The other two actresses are fundamentally different: Masako is a sex-loving veteran of the industry that took an absence of pornography running away with her fugitive boyfriend to Okinawa, where she worked as prostitute. She has currently returned because she loves the industry and cannot wait for her sex scenes, particularly a lesbian one with Masami. On the other hand, Matsuko is a newcomer making her AV debut that she scarcely had any sex in her life and is constantly crying. Her manager though insists she is actually a nymphomaniac.
Director and script writer of the film is Kei Morikawa, a former AV director, who initially wrote the Makeup Room as a stage play, thus the single set. The best aspect of his work is that he is able to extract excellent acting from his actresses that with the exception of Aki Morita, who plays Kyoko, are AV specific.
He makes a point of showing to the spectator that the adult film industry is not completely different from the “regular” one and that the people in it, are not sex crazed drug addicts, as the majority believes, but regular individuals that simply love having sex and do not mind getting paid for it. In that aspect, Saki, who thinks she is ugly, is disappointed because she hardly ever gets picked in the auditions, Masako reminisces with a sense of nostalgia the time when she was the main lead and Masami acts like a star (she whines when informed that she is having a lesbian scene, because she just had a manicure) and everybody around her treats her so (She gets to pick first which bento she is going to eat). I have to admit though, Beni Ito, who plays the latter, is gorgeous.
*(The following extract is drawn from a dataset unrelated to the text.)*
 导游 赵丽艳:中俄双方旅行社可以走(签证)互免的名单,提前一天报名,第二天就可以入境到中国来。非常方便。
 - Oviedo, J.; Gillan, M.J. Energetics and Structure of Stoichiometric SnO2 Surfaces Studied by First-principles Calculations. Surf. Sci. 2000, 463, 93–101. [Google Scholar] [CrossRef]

I particularly enjoyed the comical part of the movie that chiefly materializes through the performances of Nanami Kawakami as Masako and Kentaro Sakai as Kato, that are both hilarious, the former with her constant, almost irrational mumbling and the latter with the fact that everybody seems to yell at him, while asking him to do impossible things and he complies without any complaint whatsoever.
The only negative issue I have to mention concerning the movie is that it presents the AV industry in a way that must be far better than the realistic approach; however since this a chiefly a comedy film and not a documentary, this particular fact is to be expected.
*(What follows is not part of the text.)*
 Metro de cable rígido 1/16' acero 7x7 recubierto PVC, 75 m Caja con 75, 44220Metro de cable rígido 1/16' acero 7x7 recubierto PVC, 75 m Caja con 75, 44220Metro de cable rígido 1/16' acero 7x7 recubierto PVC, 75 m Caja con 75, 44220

Aki Morita truly excels as Kyoko, who acts as a loving relative to all of the actresses and is the one that keeps the balance in a film that could very easily jump the track. It is certainly not a coincidence that she is the only one that never leaves the stage. Her role actually is based on a real-life legend of the AV industry that passed away before the shoot begun.
Kentaro Sakai as the director is quite annoying, whenever he appears, though I believe that is what he was supposed to do, to indicate how erratic and demanding directors can sometimes be. Still though, his performance gets quite tiresome after a point
“Makeup Room” is obviously a low-budget film, however the cinematography by Shinji Kugimiya is quite accomplished, particularly taking into consideration that he has so many characters to fit into one room, and consequently into a single frame.